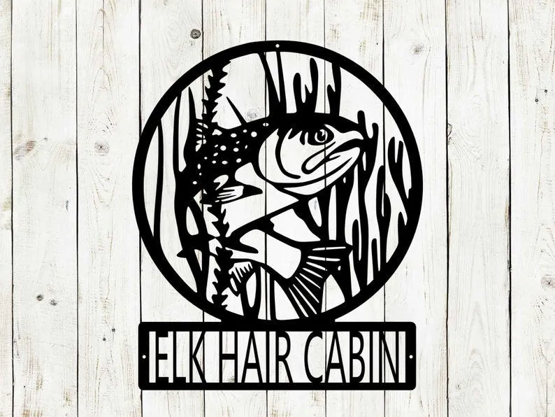 Trout Fish Monogram, Custom Name Sign, Monogram, Wedding Gift, Fishing Sign, Country Cottage, Cabin Sign, Fathers Day
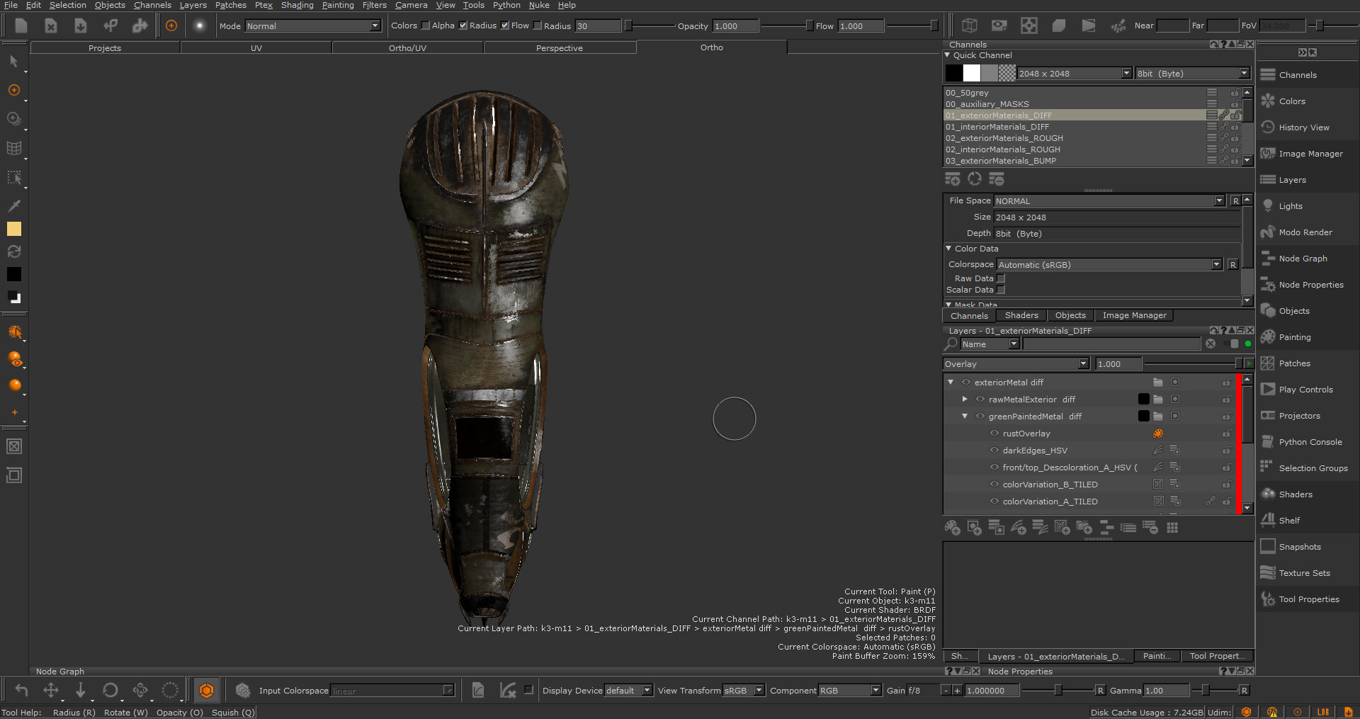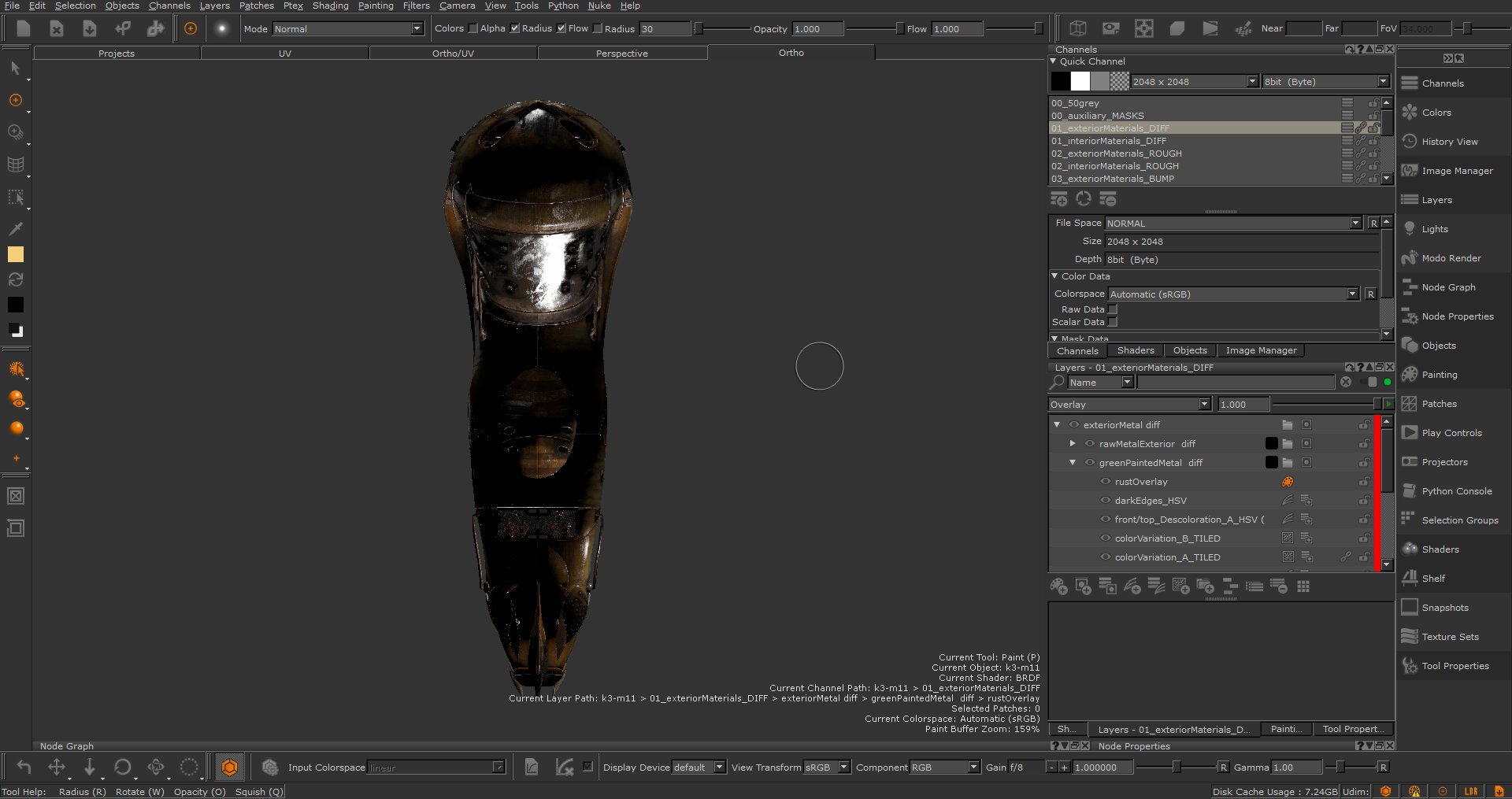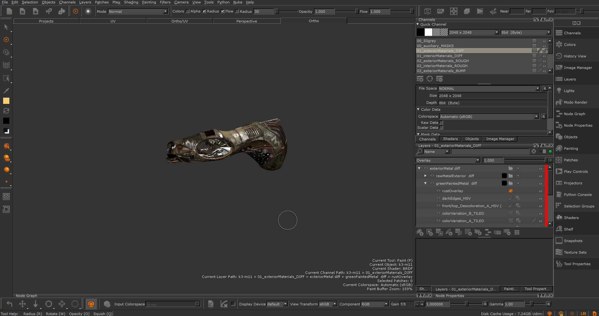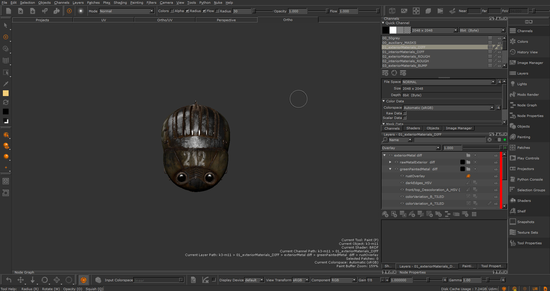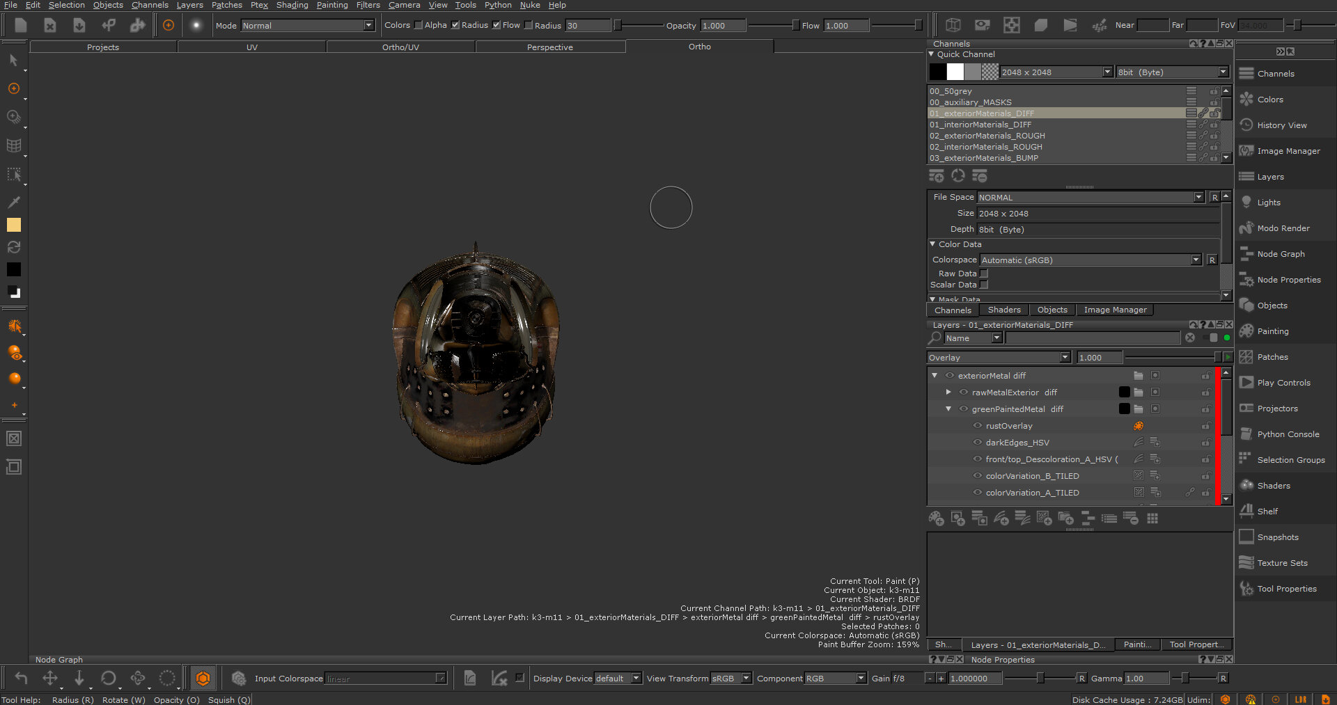 | 7. | To see an orthographic view of your model, click the Ortho tab (or press F10). This is the default view mode, that is, the view you see when you start Mari. |
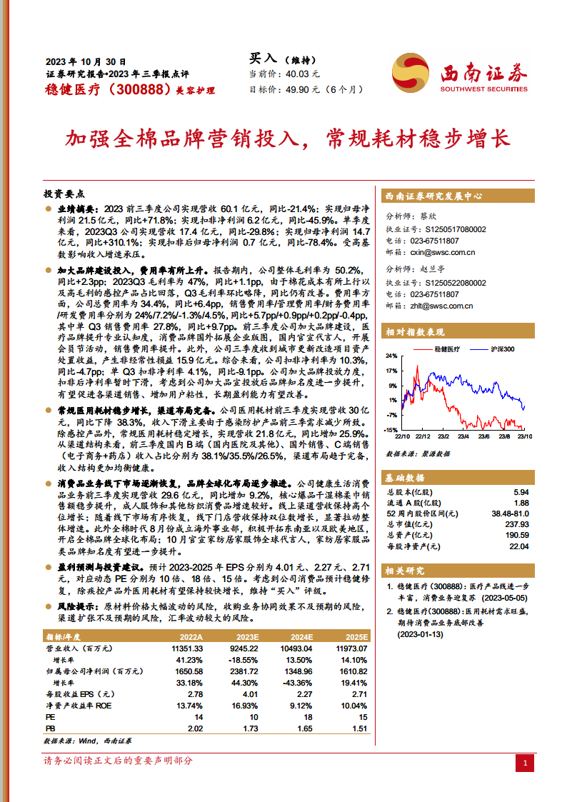 根据西南证券的盈利预测,稳健医疗2023-2025年的每股收益(EPS)预计分别为4.01元、2.27元和2.71元,对应的动态市盈率(PE)分别为10倍、18倍和15倍。考虑到公司消费品业务预计将稳健修复,以及除疾控产品外医用耗材有望保持较快增长,分析师维持“买入”评级,并给予2024年22倍估值,对应目标价49.90元(6个月)。
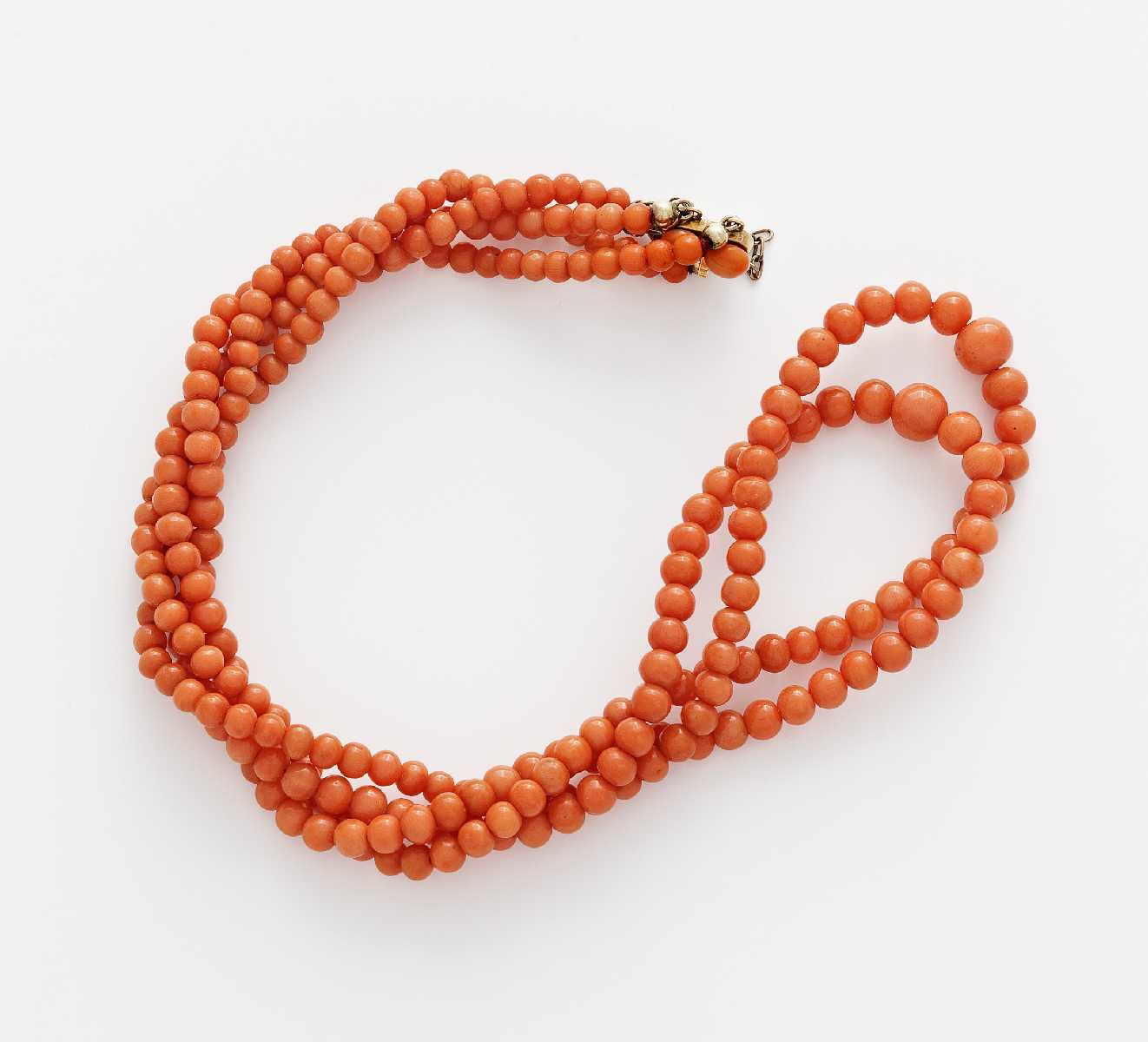 Verschluß: 585/- Gelbgold, gestempelt. 40g. Ca. 256 leicht barocke Mittelmeer-Korallperlen, dunkellachs-orange, D.: ca. 4.2 - 8.0mm,, Verschluß: 2 Korall-Boutons ca. D.: 6.0mm, sehr gute Farbqualität. Halslänge: 54cm.~
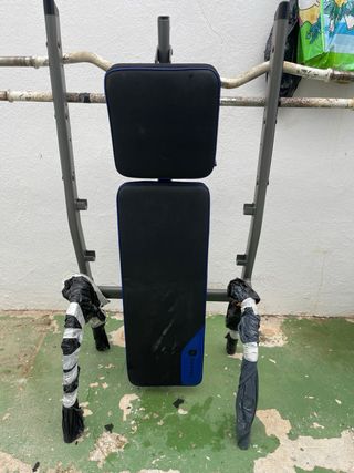 Banco de pesas para hacer ejercicio en casa. Está en buen estado, aunque algo usado. - Incluye dos tipos de barras. - Estructura robusta. - Con 70kg de peso
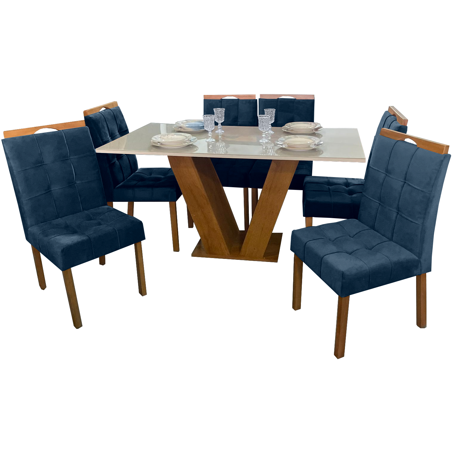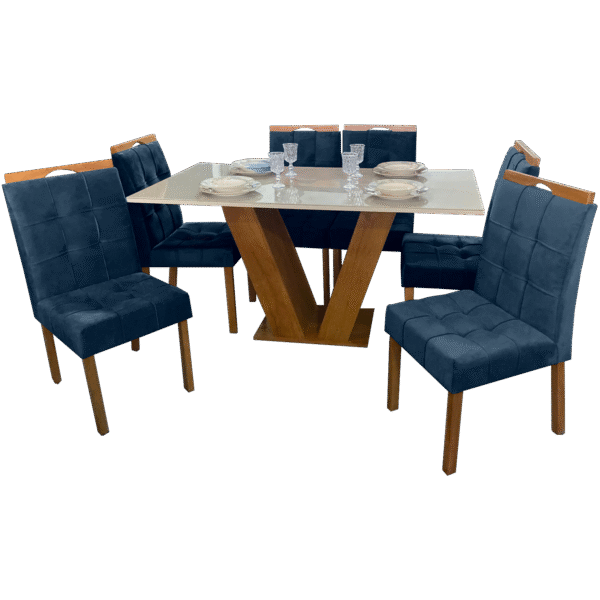 Mesa Classic 160 Cinamomo/Off White com 6 Cadeiras Sophia Mel/Veludo Azul – CEL MÓVEIS + WM DECOR
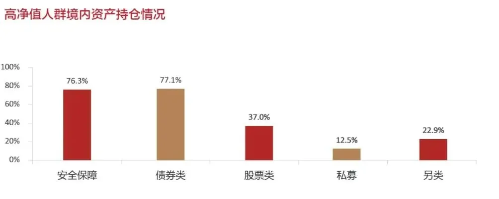 高净值人群持仓数据显示,77.1% 配置了债券类资产,表明控制波动是当前的优先财务目标;76.3% 配置了安全保障类资产,确保了资产组合的流动性和保障能力,二者共同构成了资产配置的主体。

#####

**PROMPT:**
The entries above are to be repeated in full, except for their pictures.

**SOLUTION TO THIS TASK:**
 Trout Fish Monogram, Custom Name Sign, Monogram, Wedding Gift, Fishing Sign, Country Cottage, Cabin Sign, Fathers Day
 | 7. | To see an orthographic view of your model, click the Ortho tab (or press F10). This is the default view mode, that is, the view you see when you start Mari. |
 根据西南证券的盈利预测,稳健医疗2023-2025年的每股收益(EPS)预计分别为4.01元、2.27元和2.71元,对应的动态市盈率(PE)分别为10倍、18倍和15倍。考虑到公司消费品业务预计将稳健修复,以及除疾控产品外医用耗材有望保持较快增长,分析师维持“买入”评级,并给予2024年22倍估值,对应目标价49.90元(6个月)。
 Verschluß: 585/- Gelbgold, gestempelt. 40g. Ca. 256 leicht barocke Mittelmeer-Korallperlen, dunkellachs-orange, D.: ca. 4.2 - 8.0mm,, Verschluß: 2 Korall-Boutons ca. D.: 6.0mm, sehr gute Farbqualität. Halslänge: 54cm.~
 Banco de pesas para hacer ejercicio en casa. Está en buen estado, aunque algo usado. - Incluye dos tipos de barras. - Estructura robusta. - Con 70kg de peso
 Mesa Classic 160 Cinamomo/Off White com 6 Cadeiras Sophia Mel/Veludo Azul – CEL MÓVEIS + WM DECOR
 高净值人群持仓数据显示,77.1% 配置了债券类资产,表明控制波动是当前的优先财务目标;76.3% 配置了安全保障类资产,确保了资产组合的流动性和保障能力,二者共同构成了资产配置的主体。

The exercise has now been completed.